With that in mind, we first create an empty String
and call it matched
. This will be our result. We also get an iterator for the characters in input
, which we are going to start splitting.
The first step is to see if there is a character at the beginning. We pull the first character from the iterator and check if it is a letter: next.is_alphabetic()

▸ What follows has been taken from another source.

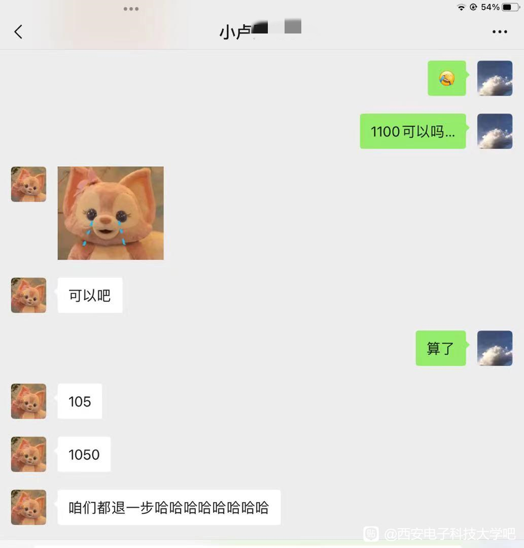 學生“小盧---”商討的價格是1050元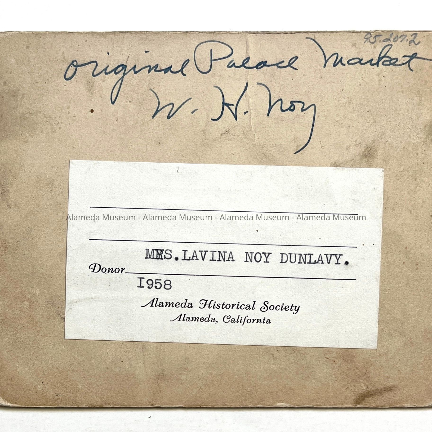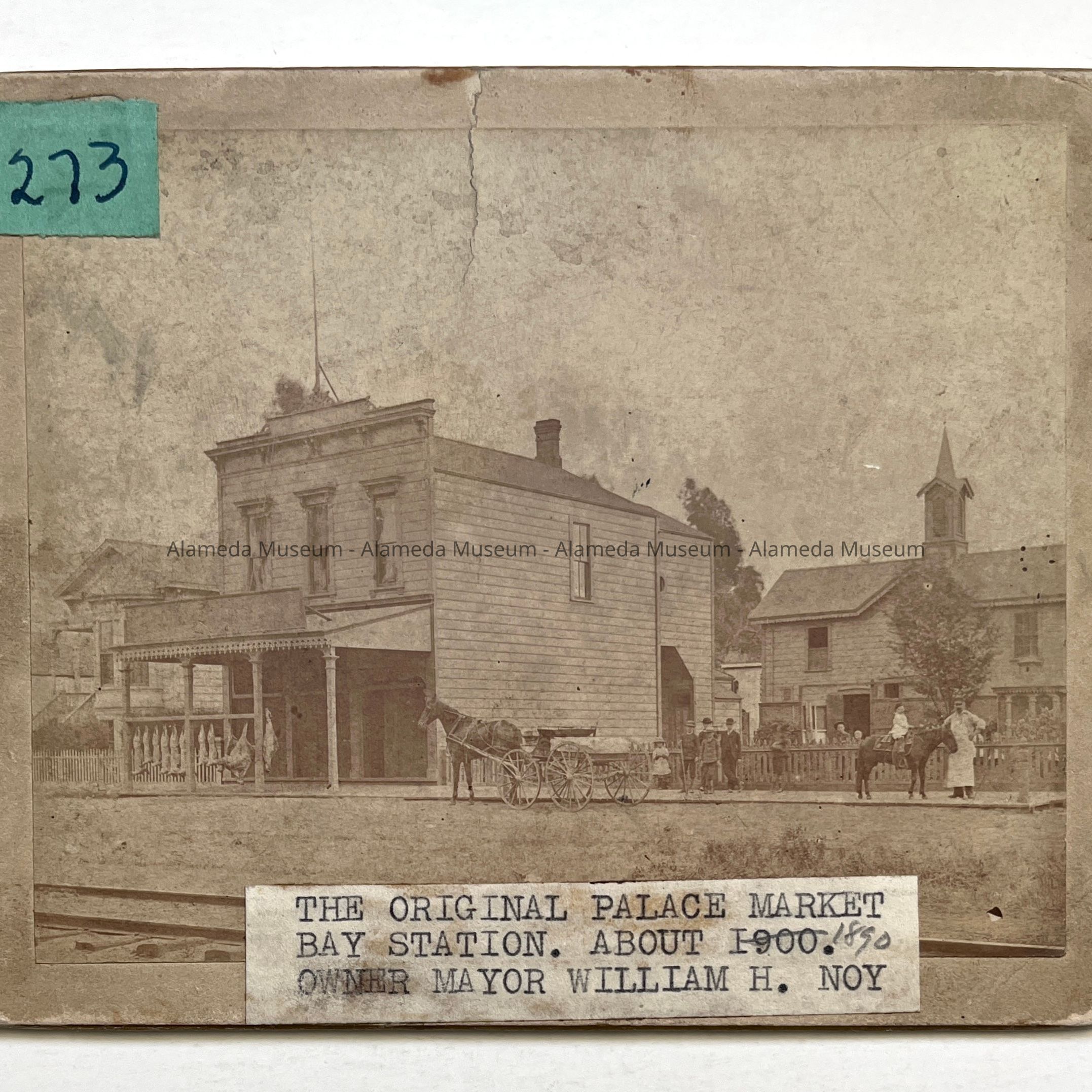 History of Object: Interesting street view of the original Palace Market located in the Bay Station district. Two story frame building with a porch extension over the sidewalk to the street edge, has assorted animal carcasses attached to the streetside railing. Owned by Mayor W. H. Noy.

. The standard Rust library, of course, will help us with Unicode - it will correspond to letters in any alphabet, and not just in ASCII. If it is a letter, we put it in our string in the matched
variable, and if not, we do not look at the identifier of the element and immediately return with an error.
In the second step, we continue to pull the characters from the iterator, sending them to the line we create until we is_alphanumeric()
character that does not satisfy the is_alphanumeric()
function (it looks like is_alphabetic()
except that it also includes numbers in any alphabet) or dash '-'
.
When we first see something that does not meet these criteria, we finish the parsing, break the loop, and return a String
, remembering to cut the fragment we used from input
. Similarly, if characters end in an iterator, it means that we have reached the end of the input.
It is worth noting that we do not return with an error when we see something that is not alphanumeric or dashes. We already have enough to create a valid identifier after we match this first letter, and it is quite normal that after parsing our identifier there will be more elements in the input line for analysis, so we just stop the parsing and return our result. Only if we cannot find even this first letter, we actually return an error, because in this case there was definitely no identifier.
Remember that the Element
structure is what we are going to parse our XML document into.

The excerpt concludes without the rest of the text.